You're reading: Yanukovych withdraws his defense team a day ahead of his treason trial

Just one day ahead of the opening of his trial for treason in Obolon District Court of Kyiv, Ukraine’s runaway former President Viktor Yanukovych, withdrew his defense lawyers from the court in what appeared to be a move calculated to disrupt the proceedings.

“I don’t want to take part in a trial with a foregone conclusion,” Yanukovych said in a video address published by Russian state-owned TV channel Perviy Kanal on July 5.

“They (the judges) would have tried to convict me anyway. That’s why I decided to withdraw my lawyers from the process. I have no doubt about their professionalism, but even the best defenders are powerless in a state of destroyed justice.”

The trial hearings opened at 10 a.m. on July 6 but lasted for less than 30 minutes, as neither the defendant nor his defense team was present in the courtroom. The judges ordered a public defense lawyer be appointed by the state for Yanukovych, and postponed the hearing until July 12 so that the new lawyer would have time to study the materials of the case.

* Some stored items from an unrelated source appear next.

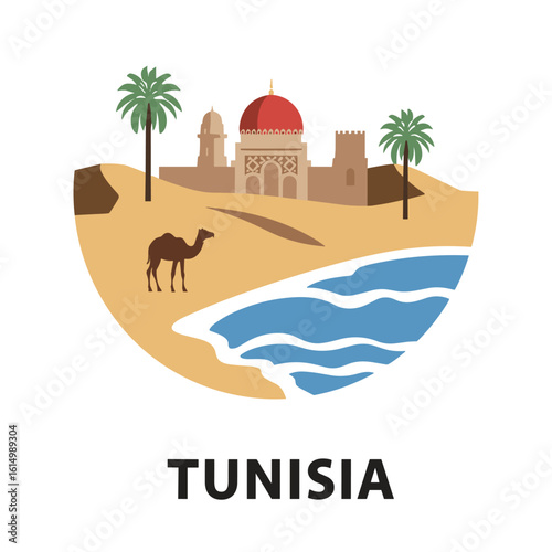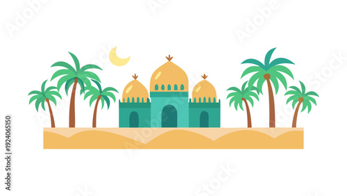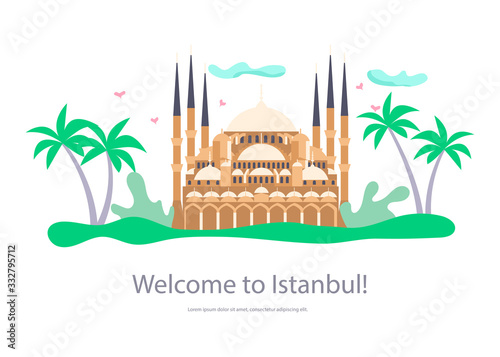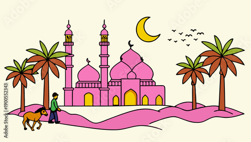 Откройте для себя новый мир векторной иллюстрации дизайна в плоском стиле. Концепция путешествия на Ближний Восток с путешествующей парой, фотографирующей знаменитые восточные достопримечательности для веб-баннера, страницы веб-сайта и т.д.
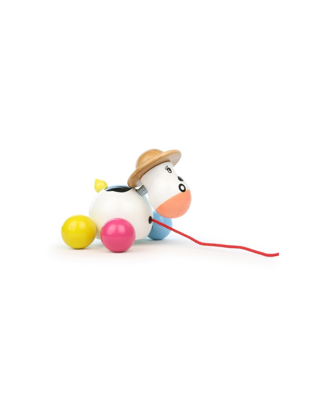 Baby Rosy la vache en bois tourné laqué à traîner. Fabrication française.
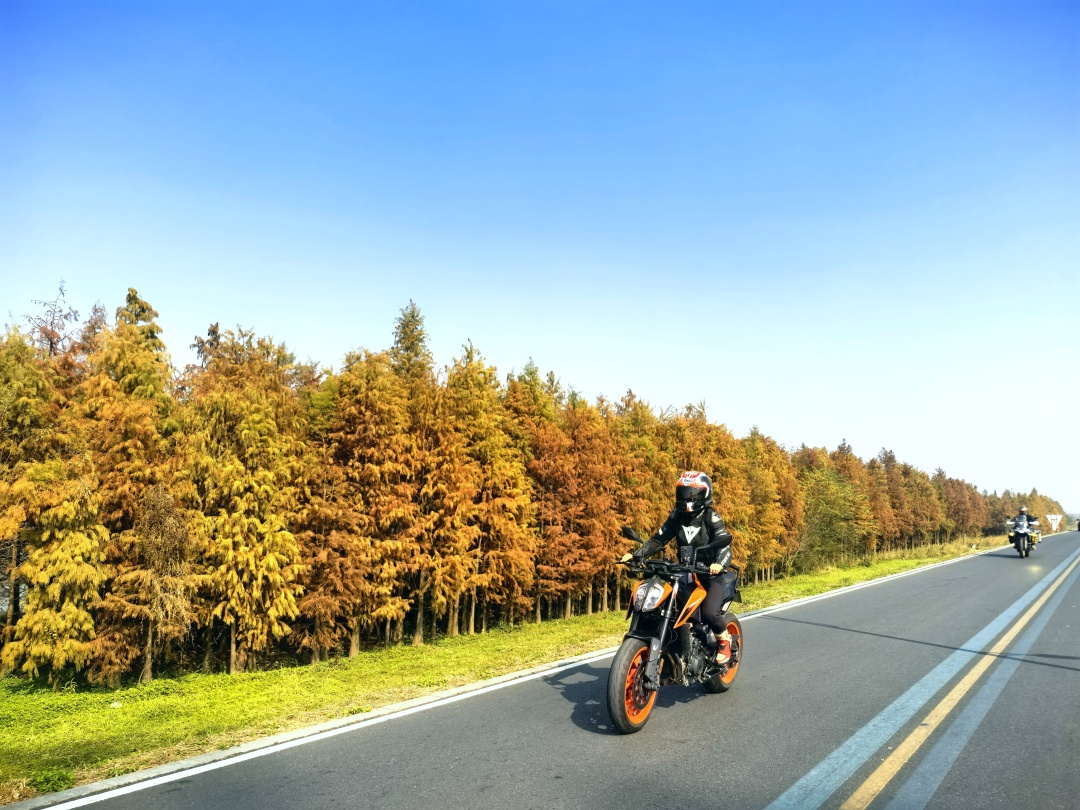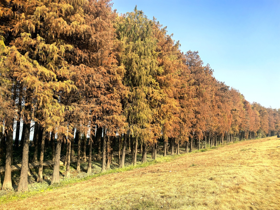 顺德的冬天把浪漫都藏在了乌洲水闸的落羽杉里,几公里的红杉沿江水铺展,焦糖色、橙红色交织,倒映在粼粼波光里,走进去就像闯进莫奈的调色盘。
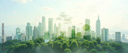 © Netaya, Obraz premium Photo realistic top view of a cityscape blended with environmental icons symbolizing green urban development, eco-friendly infrastructure, and ample copy space.

A few minutes before the start of the court hearing, Yanukovych lawyers Vitaly Serdyuk and Ihor Fedorenko, both seen near the court building in Kyiv, told the journalists that they had informed the court that their client was withdrawing them.

Military prosecutor Ruslan Kravchenko, the leader of the prosecution in Yanukovych’s case, told the press on July 6 that Yanukovych had withdrawn his lawyers because he wanted to delay the trial and evade justice.

Yanukovych, who fled Ukraine in the winter 2014 during the EuroMaidan Revolution, has been in Russia for more than three years. Since November, the runaway president has been a suspect in several serious crime cases, including high treason, and aiding in an intentional act committed to alter Ukraine’s state border and conduct an aggressive war.

“I had no illusions about the aim of the trial,” Yanukovych said in the video address. “The current Ukrainian regime is pushing the judges to convict me of all of the past, present and future misfortunes of Ukraine.”

Yanukovych said his trial in absentia was a “sheer profanity” and said it violated the European Convention on Human Rights.

The fugitive president contradicted himself at the end of the address: While first saying he himself had refused to take part in the trial, he then claimed he had asked Ukrainian prosecutors to let him take part in the trial via a Skype video call, but that this had been denied.

Kravchenko said the prosecutors offered Yanukovych to take part in the court proceedings via a video link or in any way convenient for him. He said this could be done even without the direct involvement of a Russian court.

During court hearings on Nov. 28, Yanukovych gave witness testimony from Russia’s Rostov-On-Don district court during the trial of five ex-officers of the Interior Ministry’s now-disbanded Berkut riot police squad.

After the disgraced president gave his Skype testimony in that case, Ukrainian Prosecutor General Yuriy Lutsenko, who was in the Ukrainian court, informed the ex-president that he was to be put on trial for treason.